Amendment No. 1 to the Medici Ventures, Inc. 2017 Stock Option Plan
EX-10.1 2 equityplanamendment.htm EXHIBIT 10.1 Exhibit
AMENDMENT NO. 1 TO THE
MEDICI VENTURES, INC.
2017 STOCK OPTION PLAN
THIS AMENDMENT NO. 1 to the Medici Ventures, Inc. (the “Company”) 2017 Stock Option Plan (the “Plan”) amends the Plan as set forth below effective as of the date approved by the Company’s Board of Directors.
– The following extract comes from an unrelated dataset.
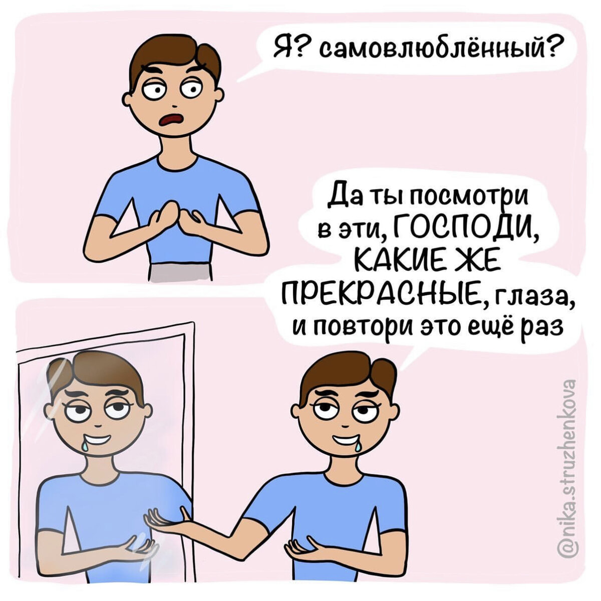 Итак, нарцисс… Пишу в мужском роде, но напомню, что нарциссом может быть и женщина, конечно. 1) Не эмпатичен и не разделяет искренне ваши переживания. 2) Не умеет строить отношения экологично, потому что после стадии идеализации у него наступает стадия обесценивания партнера. 3) Считает себя особенным и право имеющим на все. 4) Его исправление и осознание- это заход на второй круг, когда он решает «отработать» старый нарциссический ресурс по новой. 5) Он даёт о себе знать(пингует), чтобы сохранить связующие «ниточки», подпитаться и при необходимости прийти к старой «кормушке». 6) Он использует неглект- убийственное пренебрежение вашими потребностями. 7) Он использует висхолдинг, то есть отшучивается, переводит стрелки и нападает, если вы хотите разобраться, что вообще происходит. 8)Он мастер спорта по газлайтингу, то есть переворачивает все факты в свою пользу, выставляет вас сумасшедшей/психованной/ неадекватной. 9) Использует триангуляцию, то есть вовлекает в ваши отношения третьи
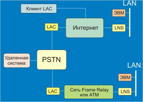 2. Топология На диаграмме (рис. 1.) показана схема работы протокола L2TP. Целью здесь является туннелирование кадров PPP между удаленной системой или клиентом LAC и LNS, размещенной в LAN.

All capitalized terms not specifically defined in this Amendment shall have the meanings provided to them in the Plan.
WHEREAS, Company, a Company organized under the laws of Delaware, originally adopted the Plan on July 26, 2017,
WHEREAS, the Board of Directors of the Company (the “Board”) may, at any time, amend the Plan,
WHEREAS, in a meeting of the Board on December 18, 2018, the Board determined that in order to attract and retain talent it is advantageous to the Company to amend the Plan to allow for additional shares of the Company’s Common Stock to be allocated under the Plan;
NOW, THEREFORE, the Plan is hereby amended as follows:
1. Section 4(a) of the Plan is hereby canceled and replaced with the following:
(a) Subject to adjustment in accordance with Section 10, a total of 130,000 shares of the authorized shares of Common Stock shall be available for the grant of Awards under the Plan. During the terms of the Awards, the Company shall keep available at all times the number of shares of Common Stock required to satisfy such Awards.
2. Except as expressly set forth in this Amendment, all other terms and conditions set forth in the Plan shall remain in full force and effect. Capitalized terms used and not defined herein shall have the meanings set forth in the Plan.
This Amendment has been adopted by the Board as of April 16, 2019.